Impossible to Forget(74)
And she couldn’t complain that he had someone new when she hadn’t wanted him anyway. It had been her decision not to keep in touch. She had been the one who had let the tenuous links between them fall away. That surely told her something. Whatever the two of them had had, it had broken when she became pregnant. Their relationship just hadn’t been strong enough to withstand the storm that an unplanned baby brought with it.
So, he had been in York all this time, she thought, yet she had never seen him. It wasn’t that surprising. York was a city and she’d hardly been keeping an eye open for him. Also, she was vegan now, so she wasn’t likely to be frequenting the kind of fine dining establishment that Jax ran, or even mix in the same circles as him. Hope’s circles. She had seen who they were at the party tonight and if it needed confirming, then that had done it – she and Hope were like chalk and cheese socially.
They were quite alike in other ways, though, Angie thought, she and Hope. Was that what had attracted Jax to her in the first place? Had he seen something of Angie in her and been drawn to it, maybe without even realising that it was happening?
She was being ridiculous now. Apart from anything else, Hope was beautiful and bound to attract men, regardless of her personality. But there was, Angie supposed, a possibility that she was the reason that Jax was in York. Well, not her exactly, but Romany, his daughter. Maybe he had moved to York to be near his child and had hoped that he would bump into her one day.
But how would he even recognise her? The thought of Jax walking the streets of York and staring at every girl of approximately the right age struck her as unbearably sad. Poor Jax, deprived of the chance to contact his own flesh and blood simply because Angie had decided that she did not want to send a forwarding address.
Angie uncurled herself and sat up. The low murmur of the television had stopped and there was no longer a line of light underneath her bedroom door. Romany must have gone to bed. Her baby, untroubled by the fact that her parents had been in the same room together that very night.

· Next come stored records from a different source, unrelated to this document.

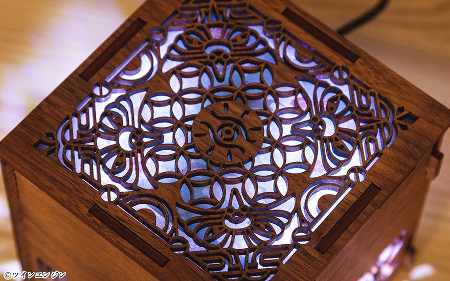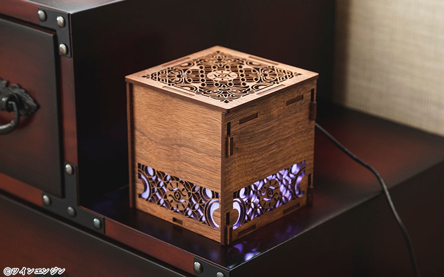 薬売りをイメージした、繊細な文様が刻まれた木製の空気清浄機。
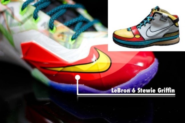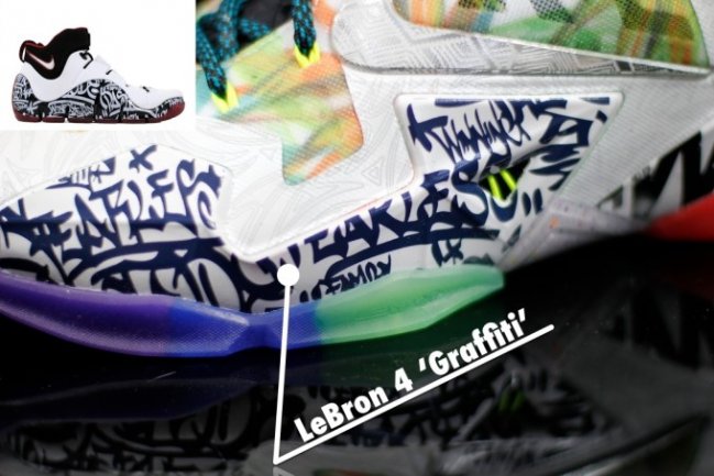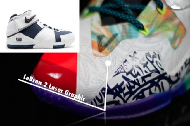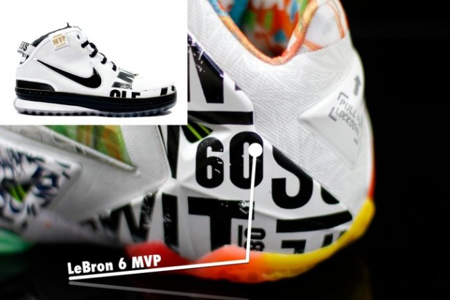 号称史上最强的 What The LeBron 球鞋,LeBron 11 "What The" 绝对是实至名归。和以往呈现当前系列多款元素的思路不同,LeBron 11 "What The" 完整的回顾了詹姆斯签名球鞋的历史,以詹皇的历史鞋款为灵感,借鉴了 8 种产品设计元素和 20 种图案与配色,引爆混搭风潮,将 28 种元素完美的呈现在了 LeBron 11 鞋身上。
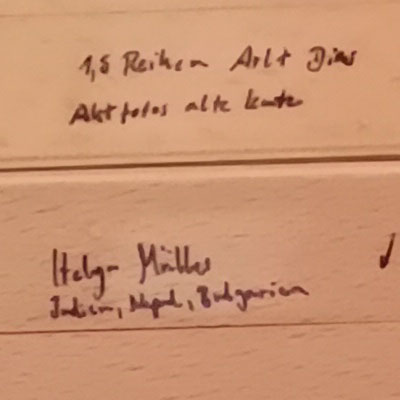 In einem Flur, der nur durch Türöffnungen aus angrenzenden Zimmern Licht erhält, dient ein Teil des Regals im dunklen Bodenbereich als Testmotiv zum Vergleich. Es wird freihand im Standardmodus und ohne Zoom fotografiert.
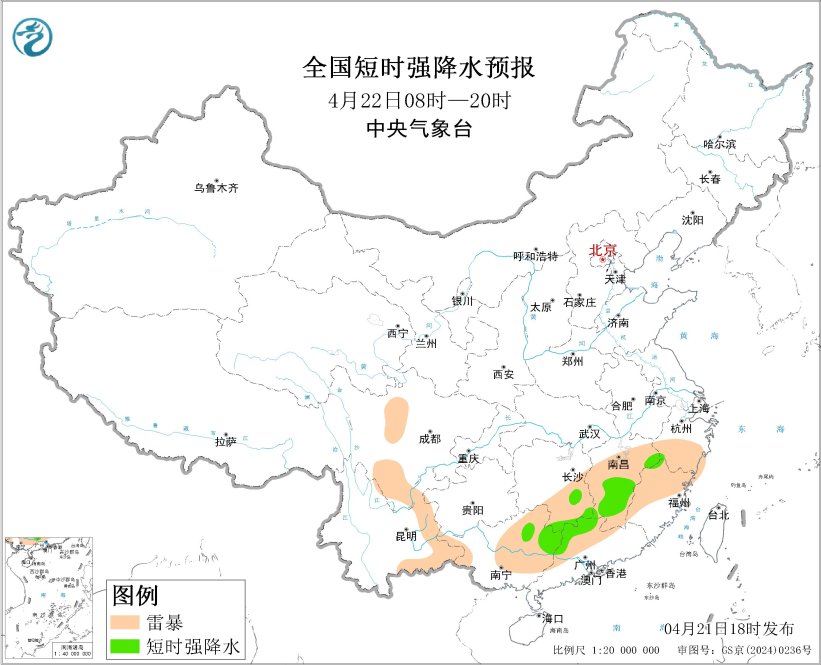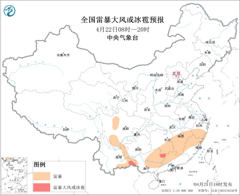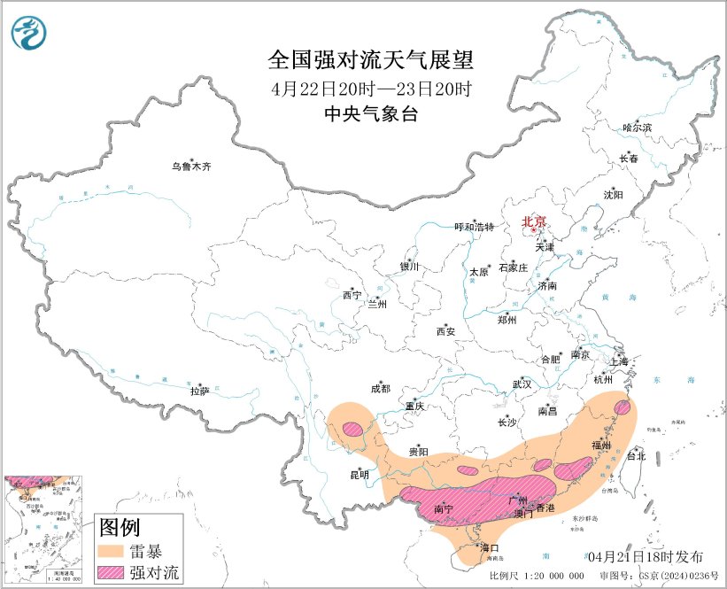 预测4月22日20时至23日20时,四川南部、浙江东南部、福建东南部、广西中南部、广东中南部等地的部分地区将有强对流天气。
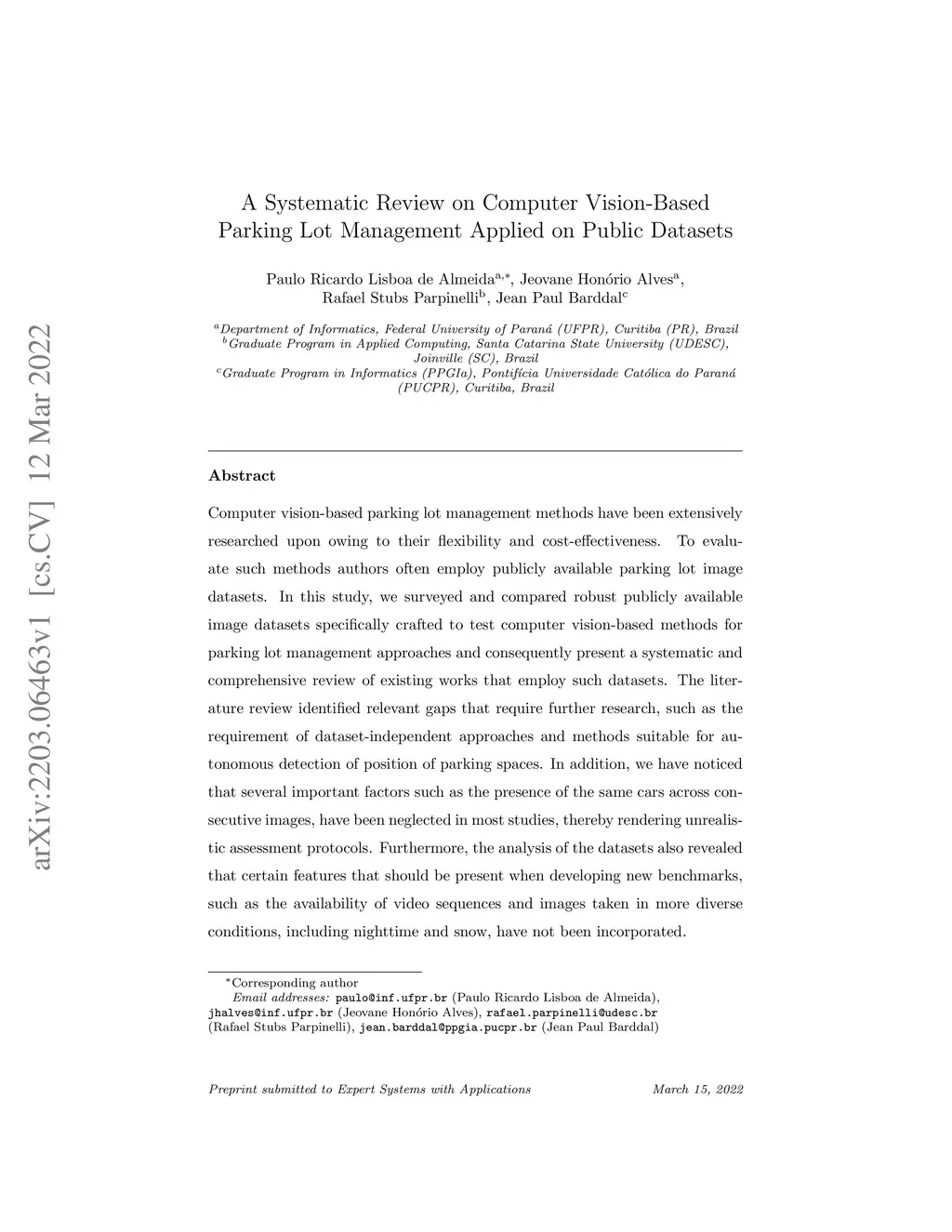 Computer vision-based parking lot management methods have been extensively researched upon owing to their flexibility and cost-effectiveness. To evaluate such methods authors often employ publicly available parking lot image datasets. In this study, we surveyed and compared robust publicly available image datasets specifically crafted to test computer vision-based methods for parking lot management approaches and consequently present a systematic and comprehensive review of existing works that employ such datasets. The literature review identified relevant gaps that require further research, such as the requirement of dataset-independent approaches and methods suitable for autonomous detection of position of parking spaces. In addition, we have noticed that several important factors such as the presence of the same cars across consecutive images, have been neglected in most studies, thereby rendering unrealistic assessment protocols. Furthermore, the analysis of the datasets also revealed that certain features that should be present when developing new benchmarks, such as the availability of video sequences and images taken in more diverse conditions, including nighttime and snow, have not been incorporated.
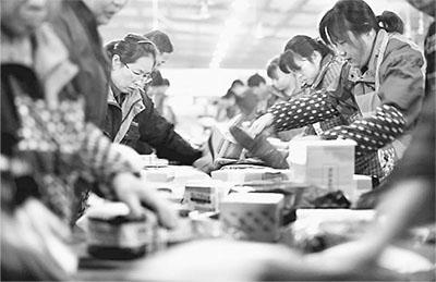 “双11”前夕,安徽合肥一快递公司的员工挑灯夜战分拣、整理快件。 杨晓原摄
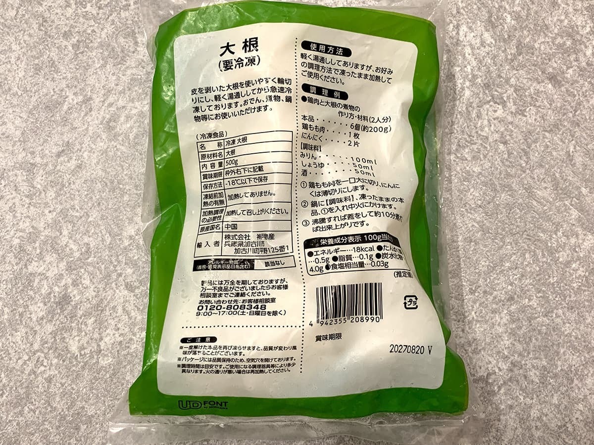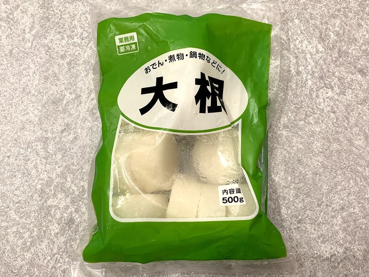 おでんを作る上で欠かせない大根は、業務スーパーの冷凍コーナーに置かれています。やはり、業務スーパーには冷凍野菜が豊富に置かれているので便利ですよね♪

So, what should she do now? It would be easy enough to get hold of him. All she had to do was ask Hope. But what would she say? Hi Hope. Would it be okay if I arranged to have coffee with Daniel because, guess what! He’s the father of my teenage daughter! How weird is that!

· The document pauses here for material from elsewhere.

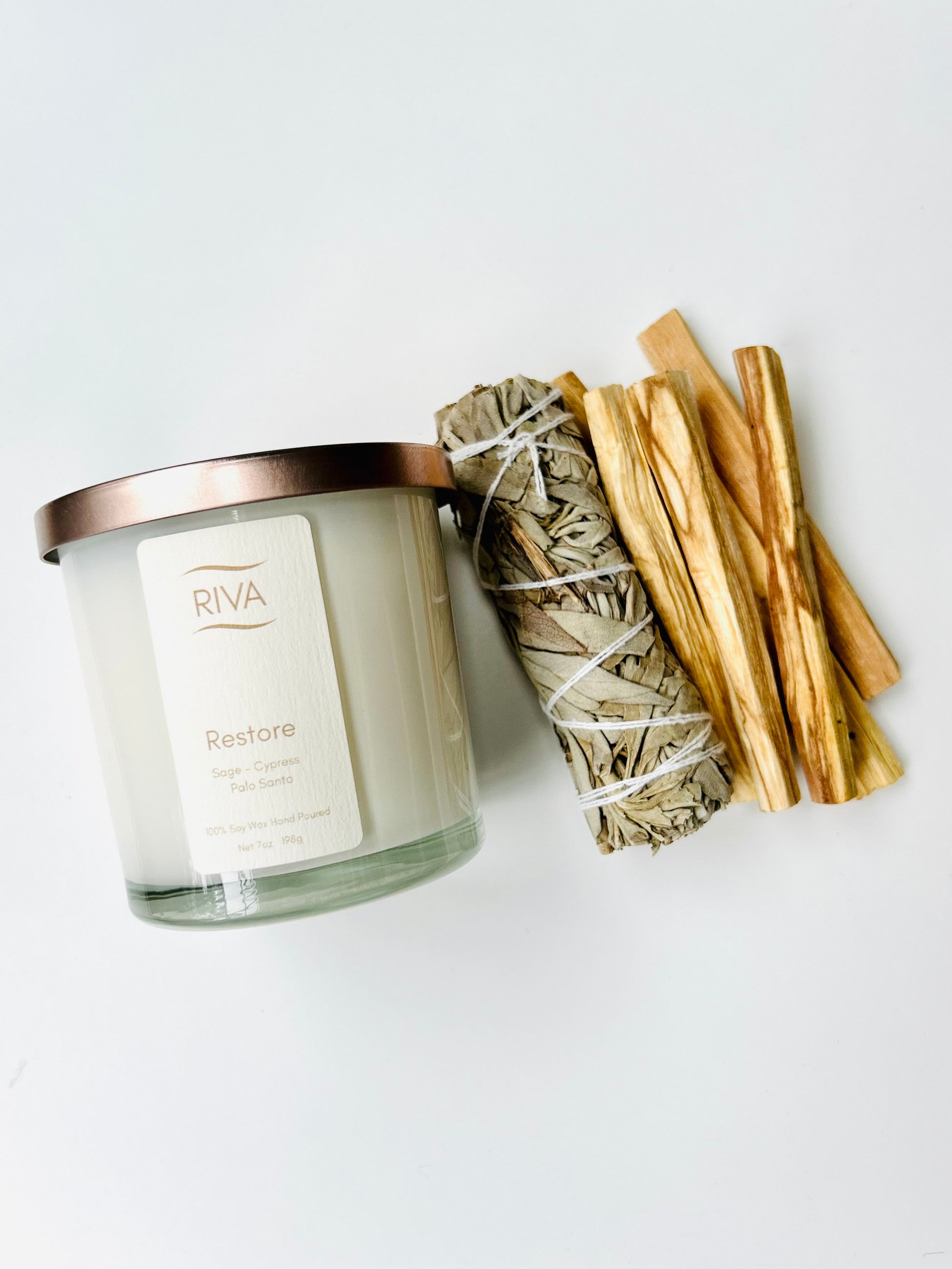 A complex grounding spa scent of sage and cypress to relax and calm the stresses of the day.

No. She couldn’t do that. She could track him down herself. A chef named Daniel Jackson with a part-share in a restaurant in York couldn’t be that difficult to find.
But why would she? She didn’t want him. She didn’t want to do anything to spoil what Hope had with him. And, most importantly of all, Romany had made it very clear that she did not want to see him either.
No. Angie should leave things as they were. But at least now, if anything were to happen, she would know how to get hold of him. Suddenly she felt slightly less alone.
38
2017
It was bitterly cold and Angie pulled her coat round her and worked on the zip. Her fingers were icy-stiff, and the coat was a snugger fit than it had been the previous winter. She really was going to have to lose some weight. It hardly seemed fair when she ate like a bird anyway and led an active lifestyle, but it was, she supposed, one of the very many calling cards of the menopause. She wasn’t very impressed with any of them so far. She was suddenly more tired than she had ever been and her back ached despite her lifelong yoga practice. If she let herself, she could become ground down by the injustice of it all. But she wasn’t going to. Going through the menopause was a perfectly natural process that happened to every woman lucky enough to reach their middle age. Her downbeat response to it was all about mindset, and hers just needed a little bit of work. She made a mental note to write her feelings on the subject in her journal when she got home.
Today, however, was not a day for getting down in the dumps. Today she was going to see Tiger for the first time in over three years and she was insanely excited. This was the longest that they had ever gone without seeing one another, she calculated as she crossed the bridge and made her way along the city wall to the railway station to meet him. It had been far too long.
There were bright yellow daffodils all over, exploding from every grassy bank and trumpeting the arrival of a change in the season. Not that it felt like anything was changing just yet. There was definitely snow in the air, she could smell it, and the cruel wind whipping up off the river bit through to her marrow.
Once in the station, she settled herself on the circular bench in the forecourt to wait. She enjoyed watching the tourists mixing in with the locals, each easy to spot by the way they behaved as they left the station. The locals set forth confidently, clear on where they were going, the tourists emerging through the ticket barriers and then stopping, agog, as they found their bearings, phones and guidebooks at the ready to take them on a whistle-stop tour of York’s top spots before coming back here to be whisked away by the train again.
Another twinge in her lower back forced her to shift on the uncomfortable wooden seat. Maybe she should go and see an osteopath or get Kate to give her some acupuncture. That might help. And she could have another look at her diet books. As well as helping her lose her newly rounded tummy, they might have something to say about what to eat to help with painful joints. Ginger was good, she knew, and broccoli.
And then there he was, strolling towards her, rucksack on his back. His rich mahogany tan made him stand out a mile from the pale, insipid people surrounding him. He seemed to glow, his shaggy blond hair forming a halo around his head.